IN THE STAFFORD COUNTY COURT Claim No ST037750
JAMES THOMAS BENFIELD Claimant
GORDON(SCRAPMETAL) LIMITED Defendant
CLAIMANT’S SKELETON ARGUMENT
1.1. This is an application for an interim payment and costs under CPR, r.25.1.1(k).
1.2. In support of the application the C will refer to his witness statement (and the exhibits referred to in it) dated 18th Sep 2003.
2.1. The relevant documents are enclosed with the case which are as follows: a) Particulars of claim. b) Defence. C) Application notice. d) C’s witness statement. e) Exhibit JTB1, JTB2, JTB3. f) D’s witness statement by Mr Davies. g) D’s exhibit DSS certificate.
2.2. C’s claim is for an interim payment in the sum of $ 5000, or such other sum as the Court may think fit, as the C suffered injury in the course of employment due to D’s negligence on 6th November 2002.
3 The grounds:
3.1. C believes that if the claim proceed to trial he will obtain judgment against the D’s for a substantial amount of money without any reduction for fault on his part: See CPR, r 25.7(1)(c).
The decision in Ricci Burns Ltd v. Toole (1989) 1 WLR 993 is confirmed by the wording of CPR, r 25. 7(1) ( c), which says that an interim payment may be made if it is shown that the claimant will obtain judgment ‘…. against the D from whom….’the interim payment is sought.
3.2. The D is insured in respect of the claim (r 25.7(2) (a).
4. D’s Defence:
The defendant’s defence in this case that the accident caused or contributed to by the negligence of the claimant: See Defence Paragraph 4.
5.1. Regarding the issue of torch , the D didn’t provide any torch. The D only mentioned that the main yard could be illuminated by flood lights, but no one showed the C where the switches were located.

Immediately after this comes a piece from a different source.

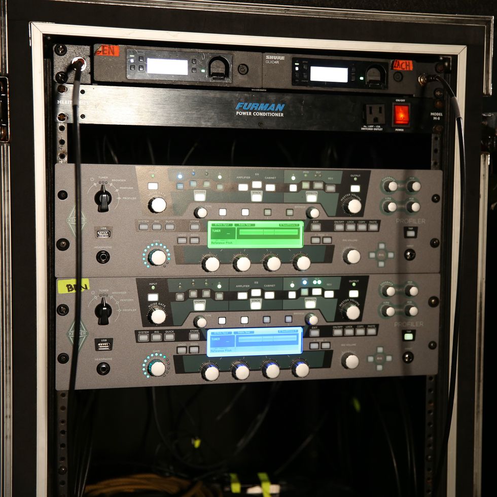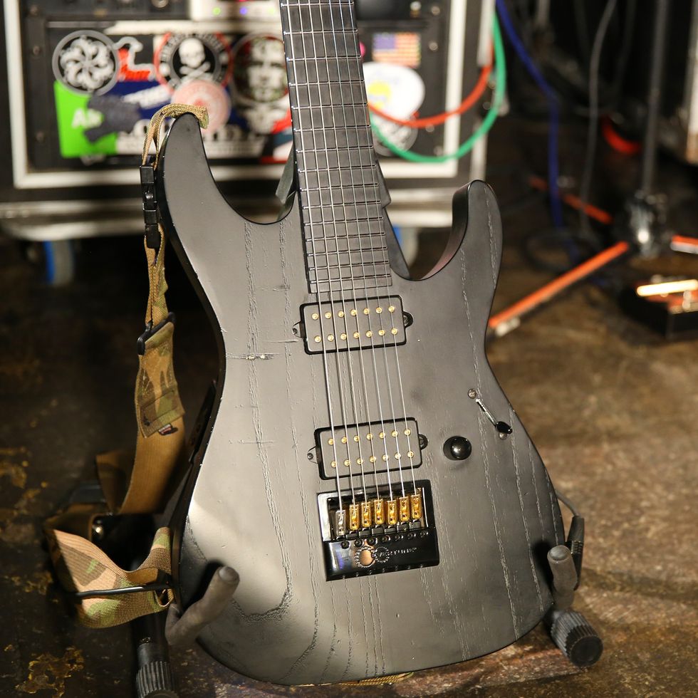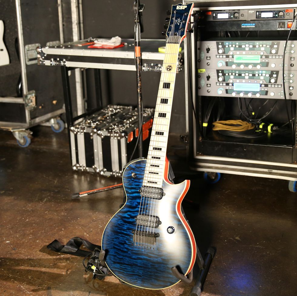 Zach’s signature ESP baritone 7-string has a 26.5" scale length on a set-neck construction that pairs a mahogany neck with a maple fretboard into a thick-bodied chunk of mahogany, capped by a quilted maple top. He originally had DiMarzio D-Activator 7 pickups in it, but found the set to be too dark and low-end rich to stand out among the band’s other two guitarists. He experimented with a batch of DiMarzio bridge humbuckers, but nothing was cutting it, so he tried putting a neck D-Activator 7 into the bridge slot. Presto change-o, the low-end fog was lifted: The neck model had decreased output, mids, and lows, but a higher top end compared to the bridge D-Activator 7. He then put the bridge humbucker into the neck slot, and it evened out the guitar.

5.2. The medical report dated 30/05/03 makes clear that the C has been suffered injury in particular a comminuted fracture to the C’s right upper leg and grazing to his right hand and elbow therefore a true copy has attached to support C’s claim in exhibit JTB1.
5.3. The C has suffered financial losses due to his injury. To support the claim a copy of the Schedule of Past and Future Expenses has attached in exhibit JTB2, which would show the financial losses calculated to 03/07/03.
5.4.The C’s claim was insured with the Trusty General Insurance Co by the D. The insurance company declined to accept the liability and a true copy of the letter from the Insurance company attached in exhibit JTB3.
It is submitted that if this claim proceeds to trial the C would obtain the judgment against the D’s for a substantial sum of money without any reduction for fault on his part.
6. Damages for pain and loss of amenity:
The C has suffered a comminuted fracture of the upper part of his right femur and associated soft tissue injury. Full details of the treatment are set out in Mr Dodhia’s reprot of 30th May 2003.
On the available evidence at present, the D is likely to be recover a sum in the region of $ 9750 for damages for pain suffering and loss of amenity. In order to justify this figure the relevant authorities are given as follows:
a) Judicial Studies Board Guidelines 6th Edition, Leg Injuries, and Bracket C(1): $ 9360- $14660. The C’s injuries probably fall within the lower end of this bracket.
b) Weir v. Smith 20-7-94: Kemp & Kemp Para 12-514. General damages for pain suffering and loss of amenity awarded in the sum of $9500 (now worth $11,495)
c) Peach v. Tesco Stores, 23rd July 1998, Award for pain suffering and loss of amenity $10,000( now worth $10700).
7. Future Loss:
The C claim for future loss for home decoration and maintenance at the rate of $400 per annum. On the assumption that this is a lifelong one and this head of claim would amount to approximately $9,200 (see-Table 19 Ogden Tables).
Therefore, the court would consider an order to be made for the D’s to pay the C the sum of $5000 or such other sum as the court may think fit by way of interim payment.